> _Problem details_: Please retype the records below exactly, leaving out any pictures.

> _Data in this exercise_:
****************
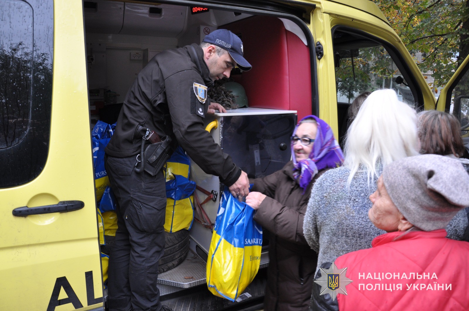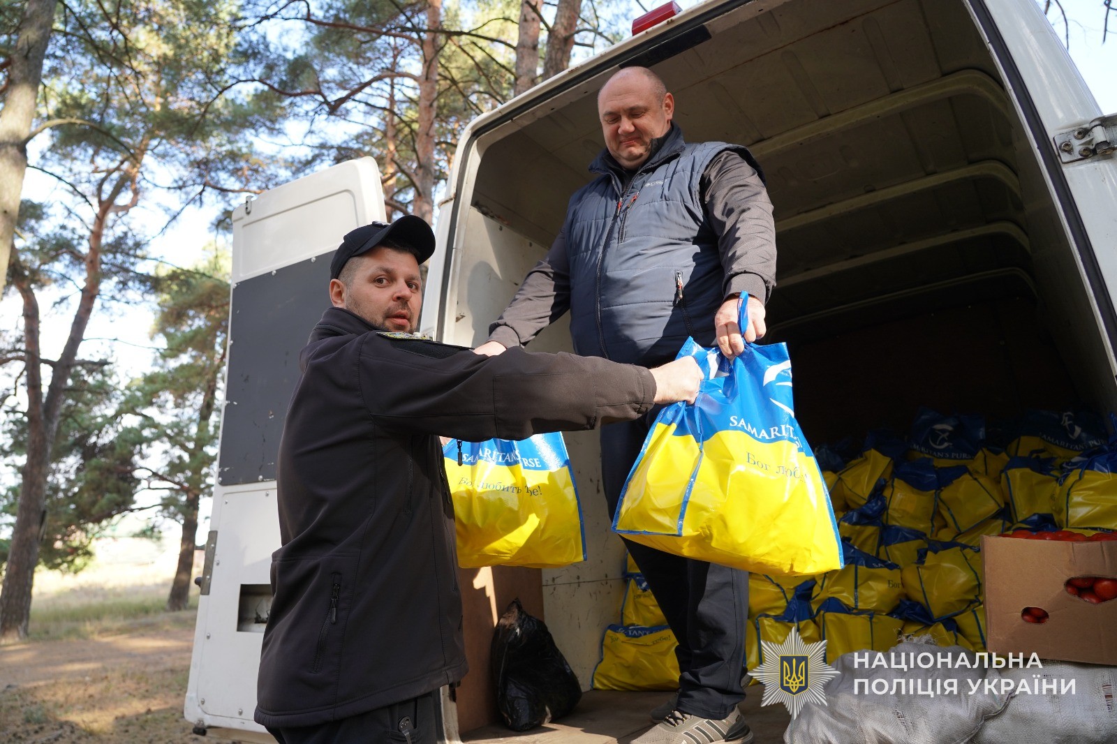 За ініціативи Департаменту головної інспекції та дотримання прав людини Національної поліції України, поліцейські області та волонтерське об’єднання «Свої» громадської організації «Золото нації», передали продуктові набори мешканцям прифронтових громад, які вимушені були покинути домівки внаслідок війни.
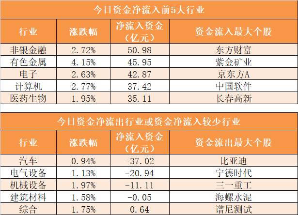 28个申万一级行业中,24个行业实现资金净流入,其中非银金融行业净流入50.98亿元居首。
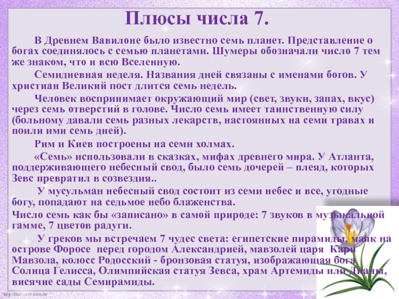 Слайд 26Плюсы числа 7.
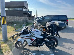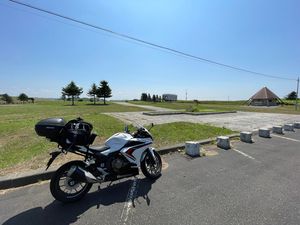 オロロンラインにある休憩所?(駐車場)にバイクを止めて、日陰でセコマで買ったアイスとメロンソーダを食べる
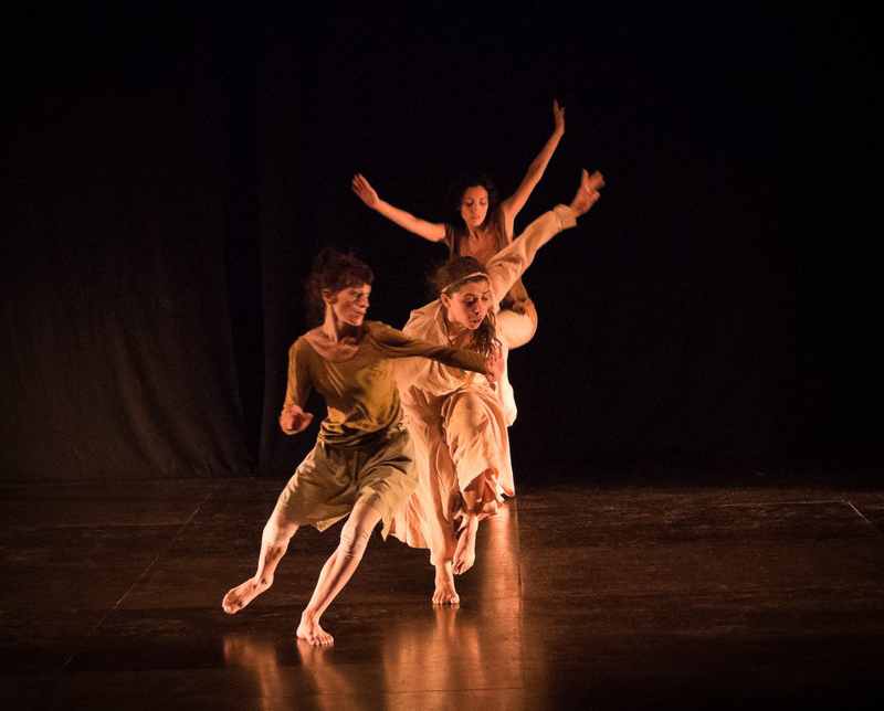 La scena scarna, priva di qualunque orpello, non è mai vuota. Le quattro danzatrici tagliano e disegnano lo spazio secondo formule sempre nuove, oppure ripetono iterazioni accattivanti, ed in quei rari momenti in cui non sono presenti in scena in formazione completa ci pensa il disegno luci ad impegnare lo sguardo con colorazioni dalla forte implicazione emozionale. Il blu ed il giallo-rosa si incastrano spesso, ad ispirare l’icona più primaria dell’acqua da cui provengono gli sbarchi e della sabbia su cui approdano perigliosamente. Ma è soprattutto la dialettica di tagli, frontalità e controluce a disporre il susseguirsi dei quadri secondo un incedere di qualità drammaturgica, in cui il colore partecipa come linguaggio tra i linguaggi.
****************
> _Exercise answer_:
 За ініціативи Департаменту головної інспекції та дотримання прав людини Національної поліції України, поліцейські області та волонтерське об’єднання «Свої» громадської організації «Золото нації», передали продуктові набори мешканцям прифронтових громад, які вимушені були покинути домівки внаслідок війни.
 28个申万一级行业中,24个行业实现资金净流入,其中非银金融行业净流入50.98亿元居首。
 Слайд 26Плюсы числа 7.
 オロロンラインにある休憩所?(駐車場)にバイクを止めて、日陰でセコマで買ったアイスとメロンソーダを食べる
 La scena scarna, priva di qualunque orpello, non è mai vuota. Le quattro danzatrici tagliano e disegnano lo spazio secondo formule sempre nuove, oppure ripetono iterazioni accattivanti, ed in quei rari momenti in cui non sono presenti in scena in formazione completa ci pensa il disegno luci ad impegnare lo sguardo con colorazioni dalla forte implicazione emozionale. Il blu ed il giallo-rosa si incastrano spesso, ad ispirare l’icona più primaria dell’acqua da cui provengono gli sbarchi e della sabbia su cui approdano perigliosamente. Ma è soprattutto la dialettica di tagli, frontalità e controluce a disporre il susseguirsi dei quadri secondo un incedere di qualità drammaturgica, in cui il colore partecipa come linguaggio tra i linguaggi.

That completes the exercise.